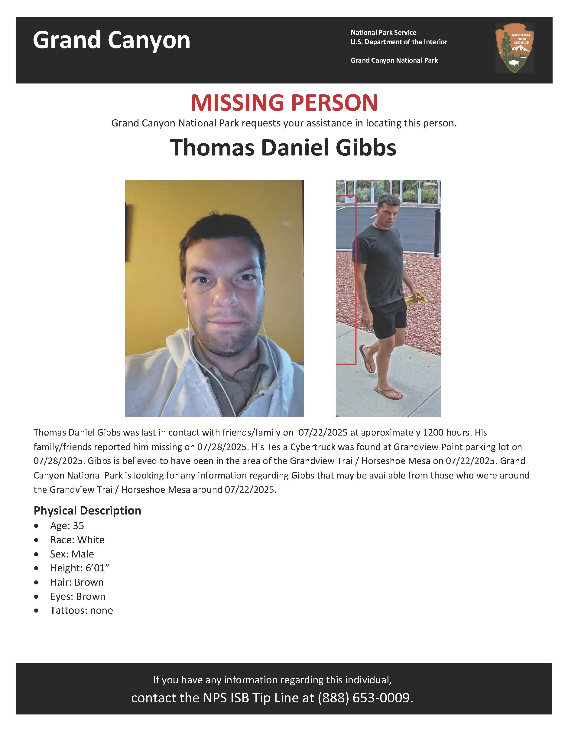 Grand Canyon National Park is asking for the public’s help in locating a 35-year-old New Jersey man who was last heard from on July 22nd, 2025. Family and friends reported Thomas Daniel Gibbs, of Freehold, New Jersey as missing on Monday, July 28th.
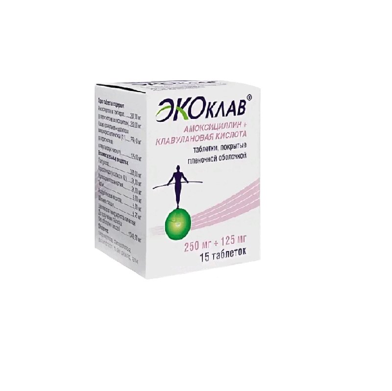 Инструкция по применению Экоклав таблетки 250 мг+125 мг 15 шт
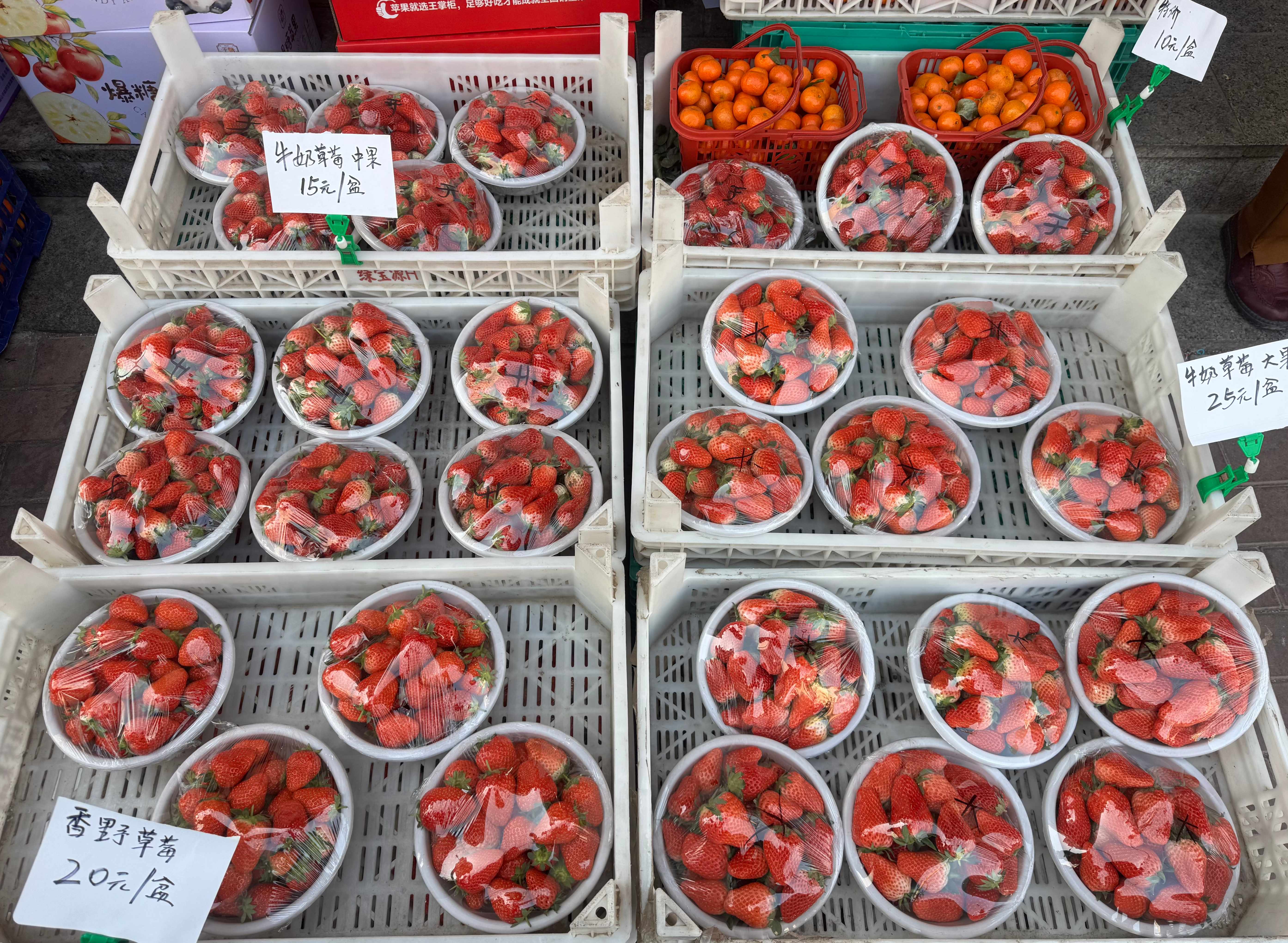 记者先后走访了多家社区水果店和大型商超后发现,春节前后随着本地大棚草莓集中上市,市场供应趋于充足,如今市场均价已回落至20-30元左右,部分本地品种甚至低至12元一斤。目前市场上草莓主要有散装和盆装两种售卖方式,散装价格一般在 15-20元/斤,部分小果或中果可能低至12-15元/斤。盆装或盒装价格因包装和规格不同,大致在 16-25元/盆(约1斤),大果或精品盆装可能达到30元/盆。
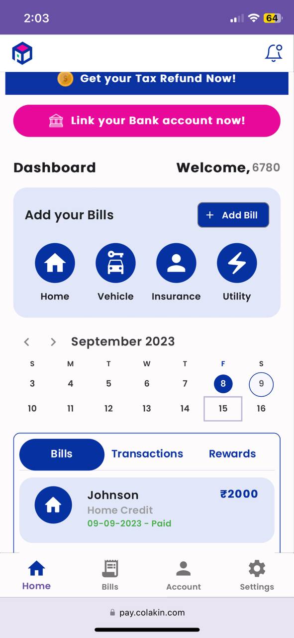 User can see their bill paid status on Dashboard, Bills Tab on tapping respective dates,
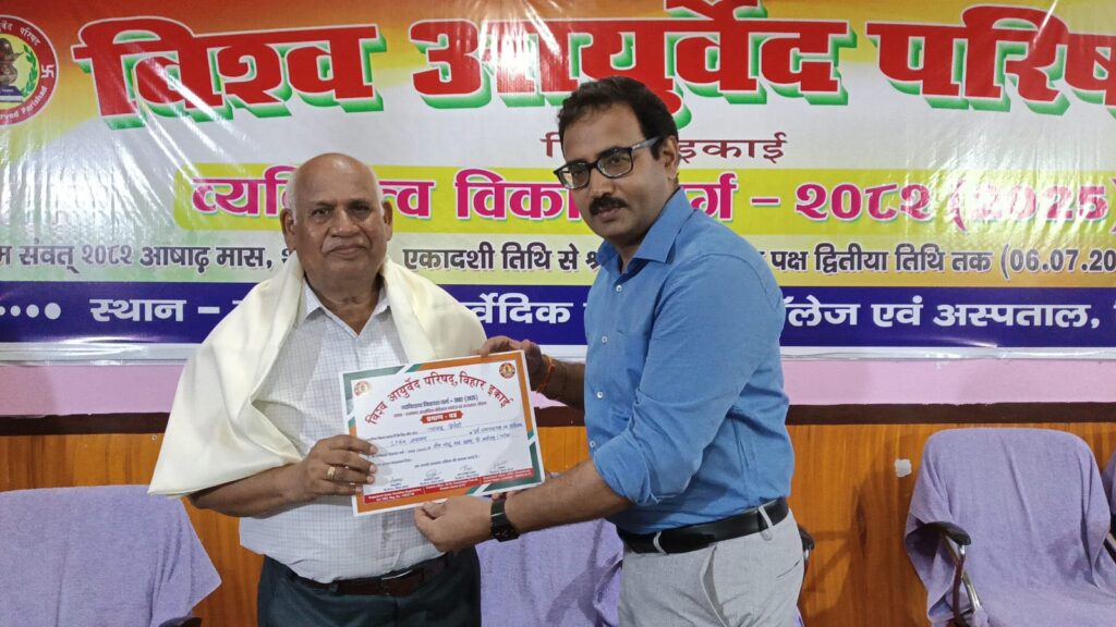 लोकतंत्र न्यूज़ नेटवर्क,सिवान-; विश्व आयुर्वेद परिषद,बिहार इकाई के द्वारा दयानंद आयुर्वेदिक मेडिकल कॉलेज परिसर में आयोजित 7 दिवसीय व्यक्तित्व विकास वर्ग के चौथे दिन बुधवार को धन्वंतरि सभागार में शिविर की विधिवत शुरुआत हुई।दिन की शुरुआत में प्रातः काल छात्रों को योगाभ्यास कराया गया एवं योग कर निरोग रहने के फायदे बताये गये.प्रथम सत्र में वैद्य रामबाबू द्विवेदी एम०डी०, पी०एच०डी०(I.T.R.A.) जामनगर लखनऊ (उ०प्र०) ने सृष्टि की उत्पति विषय पर विस्तृत व्याख्यान दिया।
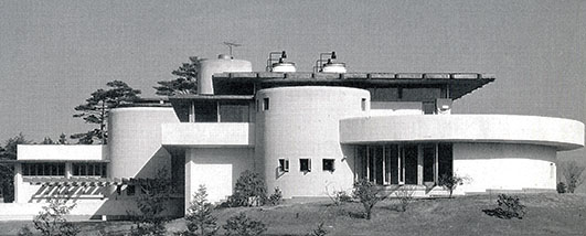 1949-51年に 遠藤新建築創作所で学び、1952-53年に タリアセンで直接 ライトの教えを受けた 天野太郎 (1918-90) は、ライトの作風をよく身につけ、 この 武蔵嵐山カントリークラブハウス(1961竣工)などを設計した。 (『有機的建築の発想、天野太郎の建築』吉原正編、2001、建築資料研究社 p.166 より ) 復原ジェスター邸を見ると、この建物を思い出す。
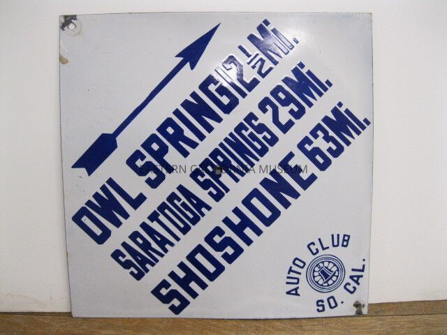 Diamond shaped Automobile Club of Southern California road sign, white with blue lettering, that says, "Owl Spring 12 1/2 Mi. / Saratoga Springs 29 Mi. / Shoshone 63 Mi."Collection
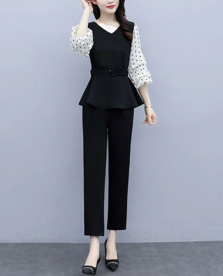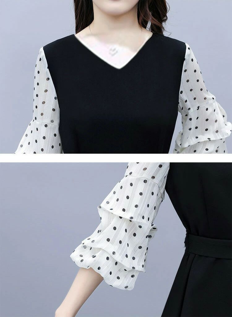 シアースリーブ ドッキングシャツ ボウタイシャツブラウス
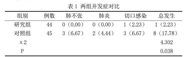 选取2023年1-12月年10月医院择期行胸外科手术的患者40例,用随机数表法分为对照组(45例)、研究组(44例)。对照组:男26例,女19例;年龄27~76岁,平均年龄(51.24±2.63)岁;胸腔镜手术28例。研究组:男24例,女20例;年龄27~78岁,平均年龄(52.43±2.67)岁;两组基础资料对比,差异无统计学意义(P>0.05),有可比性。
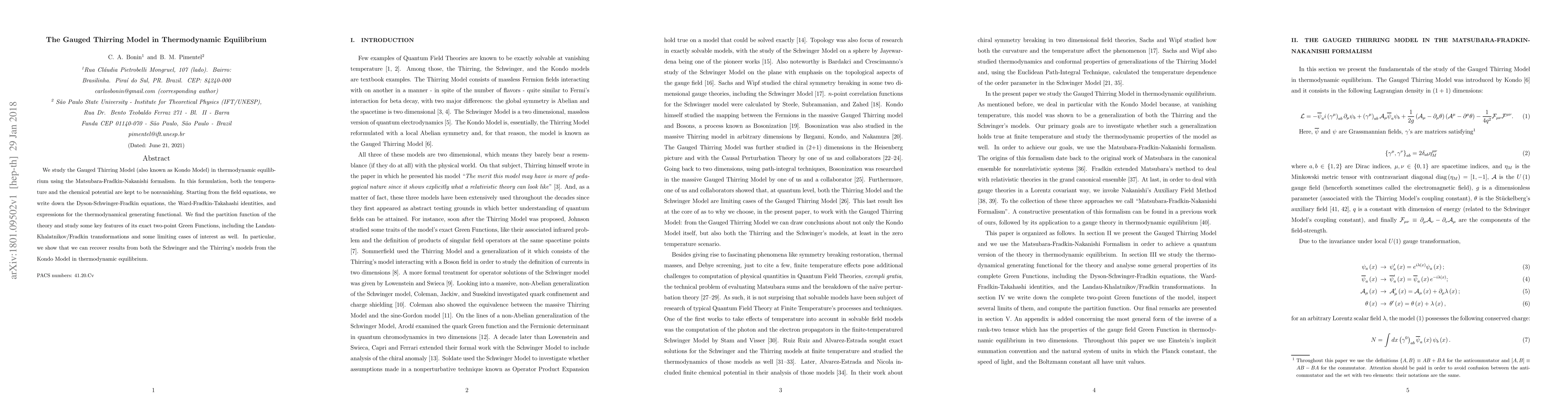 The Gauged Thirring Model is studied in thermodynamic equilibrium using the Matsubara-Fradkin-Nakanishi formalism, recovering results from Schwinger and Thirring's models.
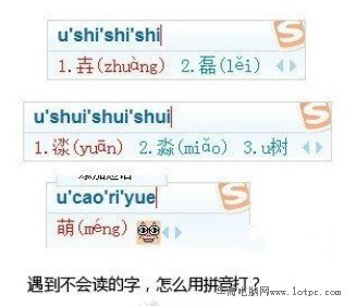 如果我們電腦上有不會讀字我們要怎么打出來呢,我們可以使用搜狗輸入法U+拆字拼音法,比如比較少見的字,“壵”,“淼”我們可以通過u+文字拆分的方法打出來,輸入ushuishuishui,是不是“壵”就出來了?
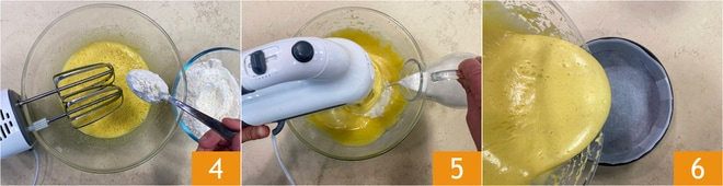 Das gesiebte Mehl mit dem Backpulver nach und nach hinzufügen 4. Zum Schluss die Milch in einem dünnen Strahl 5 dazugeben und die Mischung weiter bearbeiten, um sie zu vermischen. Alles in eine mit Backpapier ausgelegte Springform mit 24 cm Durchmesser gießen 6.
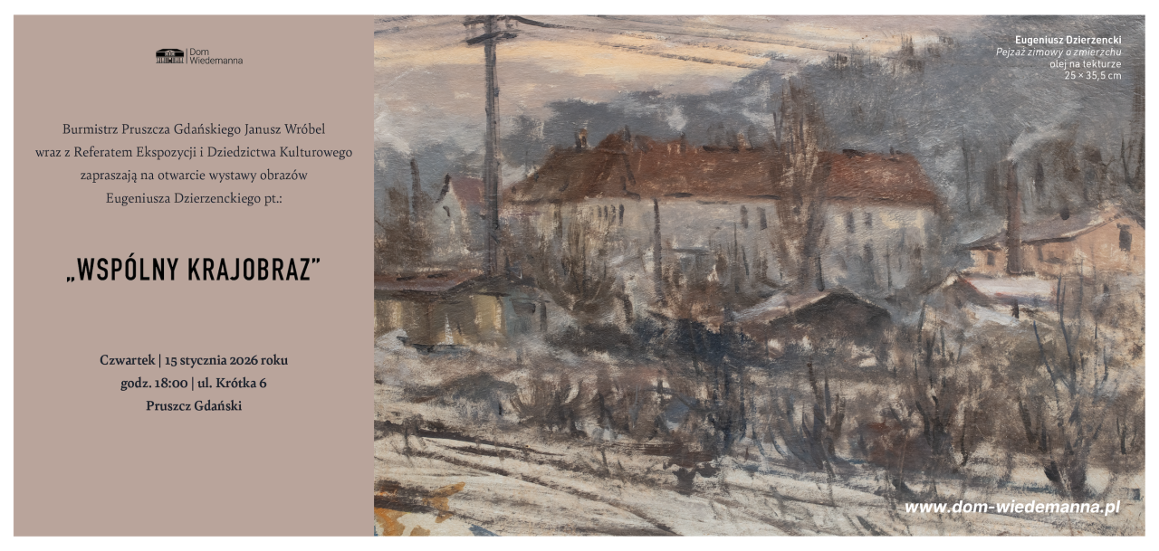 Serdecznie zapraszamy na wystawę od 15 stycznia do 22 lutego 2026 r., otwarcie odbędzie się 15 stycznia, w czwartek, o godz. 18:00 w Pruszczu Gdańskim przy ul. Krótkiej 6 w Domu Wiedemanna.
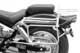 HEPCO&BECKERs standard side carriers are firmly bolted to the motorcycle. All normal hard lugagge cases from Hepco & Becker fit this carrier. The cases are fastened to the carrier by means of a quick release fastener. For this purpose, an aluminum adapter is required which is normally included within the delivery of the case. (Item number: 700114) This aluminum adapter is screwed to the rear right and left of the carrier and offer the holder for the luggage lock.
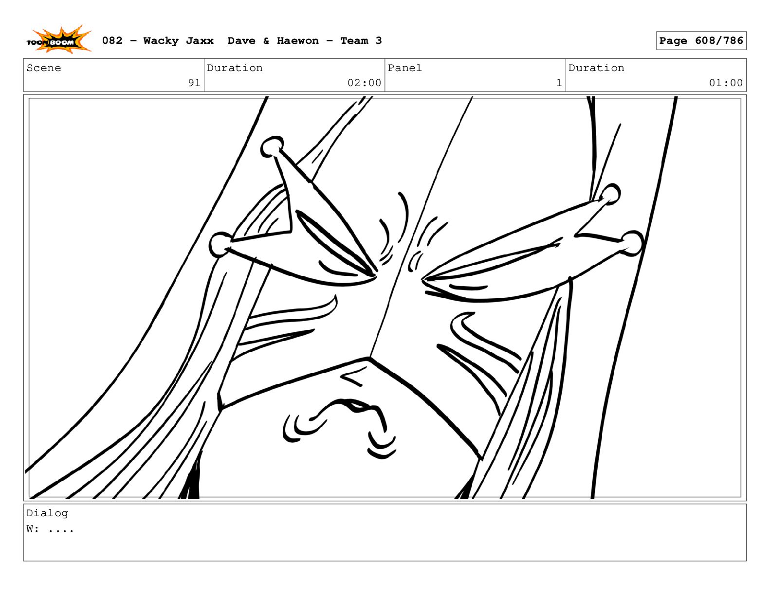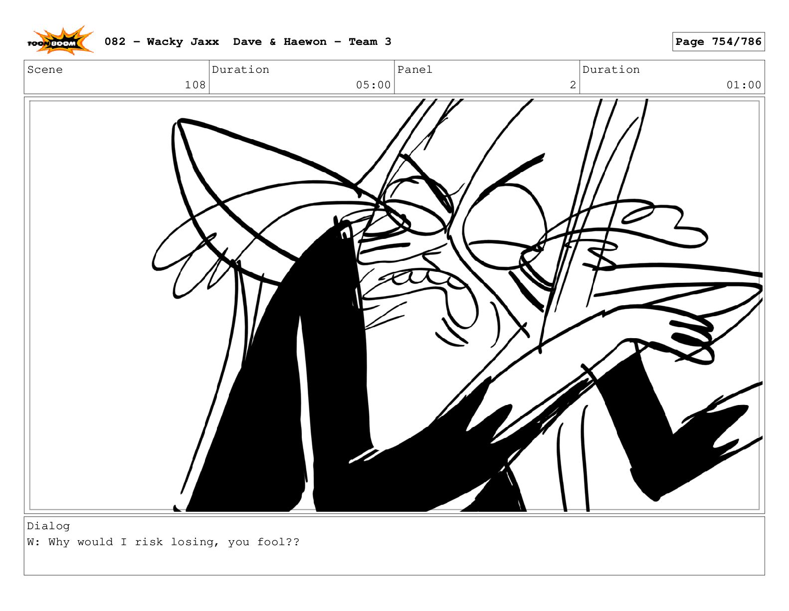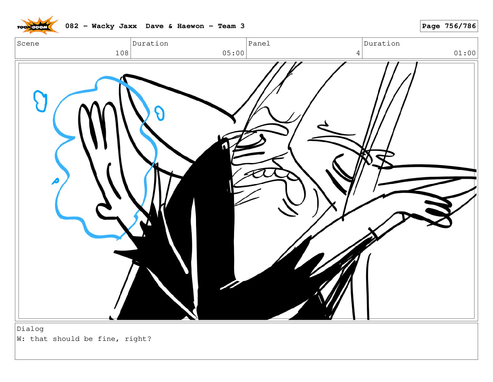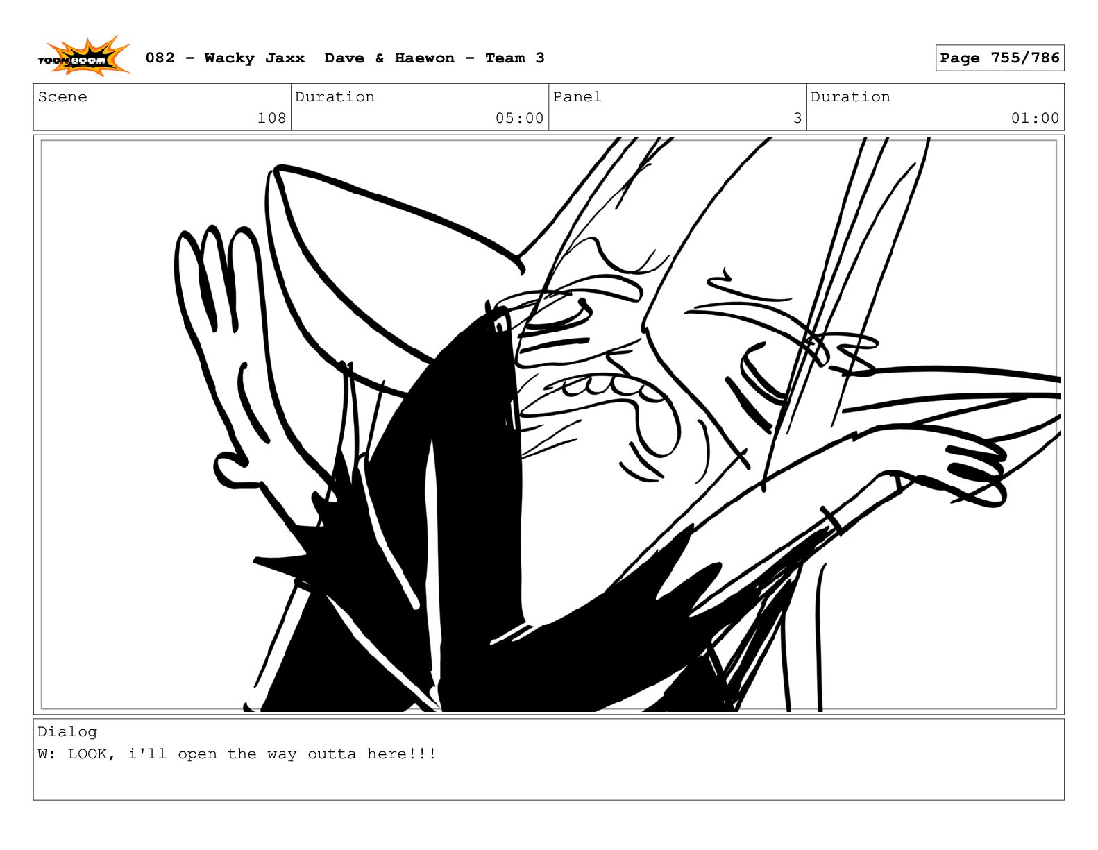Scene 108 Duration 05:00 Panel 5 Duration 01:00 Dialog W:
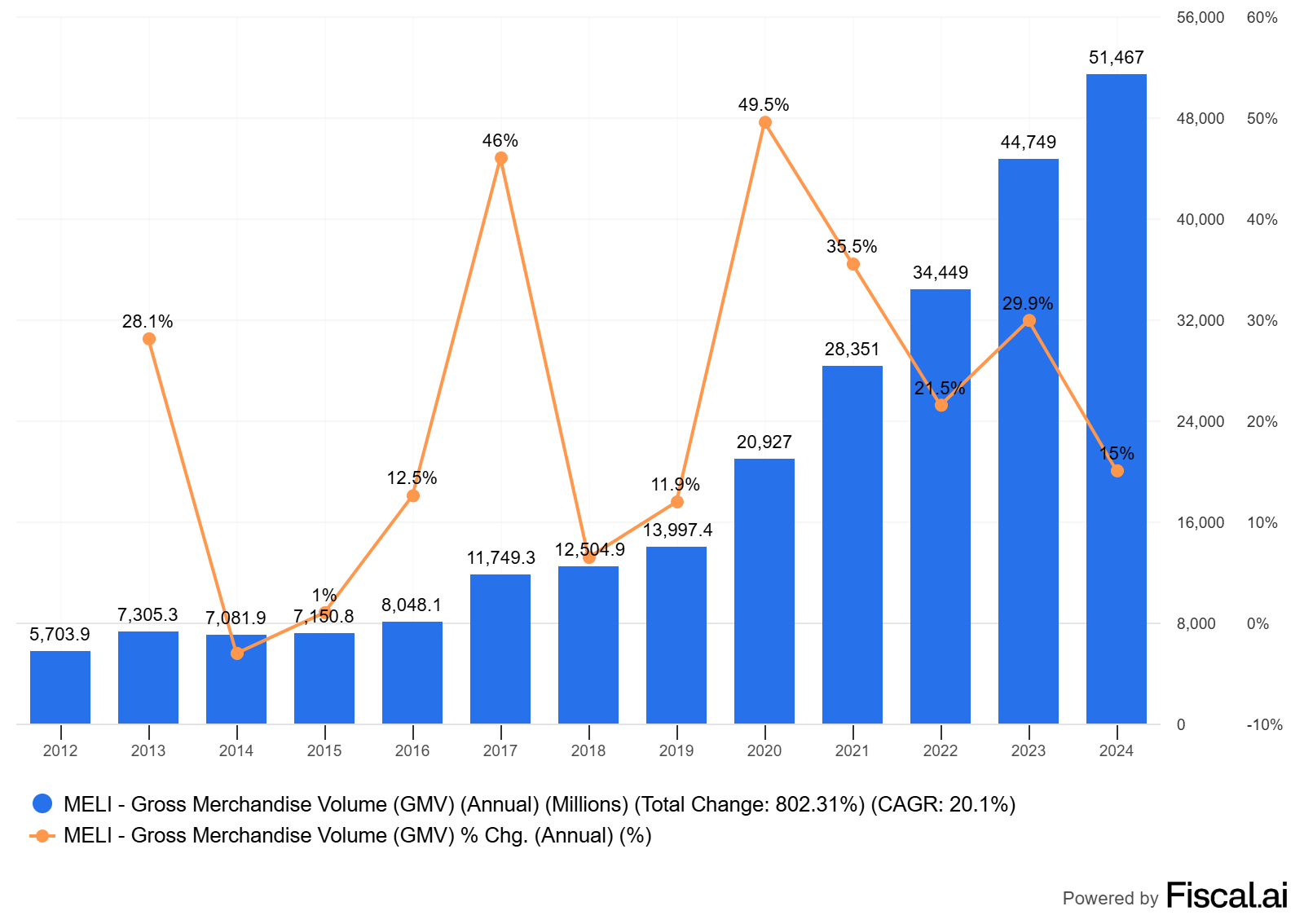 Growing purchasing power & access to convenience will grow global usage of e-commerce platforms, and MercadoLibre is the biggest one of the region although competition is present - Amazon but also Chinese platforms & some other smaller players. But we'd only need the total pie to grow for MercadoLibre to grow as well, while any market shares growth would be a cherry on top.

◇ ◇ ◇ ◇ ◇ ◇ ◇

■ What the task asks ■
Every line above between the one containing "如果我們電腦上有不會讀字我們" and the one containing "Serdecznie zapraszamy na", those two included, is to be printed exactly. No pictures go into the copy.

■ Response box ■
 如果我們電腦上有不會讀字我們要怎么打出來呢,我們可以使用搜狗輸入法U+拆字拼音法,比如比較少見的字,“壵”,“淼”我們可以通過u+文字拆分的方法打出來,輸入ushuishuishui,是不是“壵”就出來了?
 Das gesiebte Mehl mit dem Backpulver nach und nach hinzufügen 4. Zum Schluss die Milch in einem dünnen Strahl 5 dazugeben und die Mischung weiter bearbeiten, um sie zu vermischen. Alles in eine mit Backpapier ausgelegte Springform mit 24 cm Durchmesser gießen 6.
 Serdecznie zapraszamy na wystawę od 15 stycznia do 22 lutego 2026 r., otwarcie odbędzie się 15 stycznia, w czwartek, o godz. 18:00 w Pruszczu Gdańskim przy ul. Krótkiej 6 w Domu Wiedemanna.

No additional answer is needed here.